The University of Pennsylvania's Wharton School recently moved beyond its few sports-related courses to form a Sports Business Initiative that includes research, conferences and student consulting projects. "We want to be the place doing the highest quality of research and turning out the top-level M.B.A.s with extensive sports knowledge," says Wharton professor Kenneth Shropshire, director of the initiative and a former sports agent.

Sports-industry executives are sometimes the impetus for business-school courses. The new "Analytical Sports Management" course at the Massachusetts Institute of Technology was the brainchild of alumnus Daryl Morey, senior vice president of operations and information for the NBA's Boston Celtics.

"There's growing demand for the M.B.A. skills set at sports franchises," says Mr. Morey, who teaches the course. "A new group of people with money from venture capital, investment banking, private equity and management consulting are purchasing franchises at higher valuations, and they want to bring the discipline of analytical management to the operations of the teams."

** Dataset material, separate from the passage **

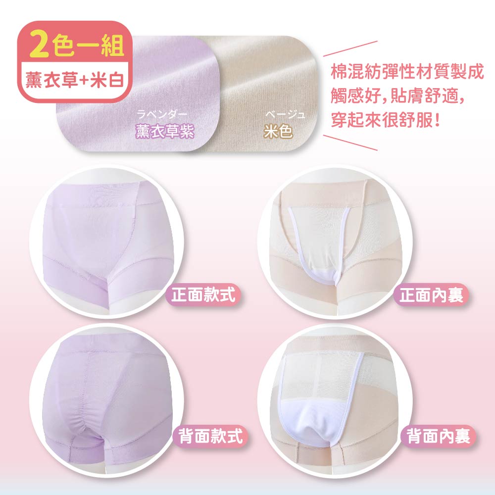 日本【CERVIN】女用速吸安心防漏尿保潔四角失禁褲 2色組・吸水パッドをショーツ内側に内蔵したパワーネットで吊るす「ハンモック」構造にすること・吸水パッド部分は安心の4層構造パッド仕様です。・お出かけにも安心の吸水量約30ml・加齢や運動不足などにより、骨盤底筋のサポート力が低下すると尿漏れの原因になると言われています。・着用すると自然に骨盤底筋を意識できるので毎日のゆるみケアにおすすめのサポートパンツです。・骨盤底筋を下から上へサポートし、さらに骨盤を引き締めることで骨盤底筋への負担を軽減するWサポート構造です。・綿混のストレッチ素材を使用しているので肌ざわりが良く、心地よい履き心地です。・産後の尿漏れが気になる方にもおすすめです。-吸收墊設計在四角褲內部的內置動力網上,形成支撐骨盆底肌肉的「吊床」結構,也能支撐骨盆肌肉-吸收墊部分採用4層結構,使用更安心。-可吸收約 30 毫升水分,方便外出。-由於老化或缺乏運動導致骨盆底肌肉支撐力下降,可能會引發尿失禁。建議穿著來日常護理鬆弛的骨盆底肌肉,穿著時也可以自然地激活您的骨盆底肌肉。-具有雙重支撐結構,從下往上支撐骨盆底肌肉,同時收緊骨盆,減少骨盆底肌肉的壓力。-由棉混紡彈性材質製成,貼膚舒適,穿著舒適。-擔心產後尿失禁的人也可使用。尺寸M 臀圍 87-95cm L臀圍92-100cmLL臀圍97-105cm材質/成分:主體布料:60%聚酯纖維*35%棉*5%聚氨酯乾燥層:100% 聚酯纖維吸水層:100% 純棉防水層:100% 聚酯纖維顏色:薰衣草1件、米白1件產地:中國國際條碼:M 4985697270218 L 4985697270225 LL 4985697270232

San Diego State University has allied most closely with professional sports, forming a partnership with the local Padres baseball club to launch a sports-management M.B.A. last year. The Padres organization, which is seeking M.B.A.s for the front office who were trained specifically for the sports industry, provides guest speakers for the classes and offers internships to students.

In some cases, the schools not only are training M.B.A. students to become future sports-industry managers, but they're also providing executive education for players and team officials. Wharton, for example, is teaching NFL players about financial analysis, entrepreneurship and real estate to prepare them for careers after they retire from the game.

Tough to Crack

Although M.B.A.s realize it won't be as easy to land a lucrative job in the sports field as in finance or consulting, they still aspire to turn their personal passion into a career. Jill Stephenson enrolled in San Diego State's sports-management program to boost her chances of switching from a sports TV-production job to a marketing and business-development career in the golf industry. She fell in love with the game after attending the British Open a few years ago and became "an avid, frustrated golfer."

But she knew she needed stronger finance and accounting skills to break into the business. "Now, I'm looking at sports companies' financial statements and learning how to do budgets," Ms. Stephenson says. She also performed a market-research study for a local golf course to help it determine the optimum prices to charge players.

John Abbamondi, a 2004 Stanford M.B.A. graduate, says what he found especially valuable in his sports classes was "listening to guest speakers like Dusty Baker [manager of the Chicago Cubs] and Billy Beane," general manager of the Oakland Athletics. "I learned how some of the speakers had crafted careers in an industry that's very hard to get into."

In fact, Mr. Abbamondi says, the connections he made with classroom speakers like Mr. Beane led to his current job as director of salary and contract administration for Major League Baseball. He was all set to join a consulting firm but at the last minute learned about the baseball position. "It turns out," he says, "that my Stanford classes touched on a lot of things I deal with in my job, from player valuation to TV contracts."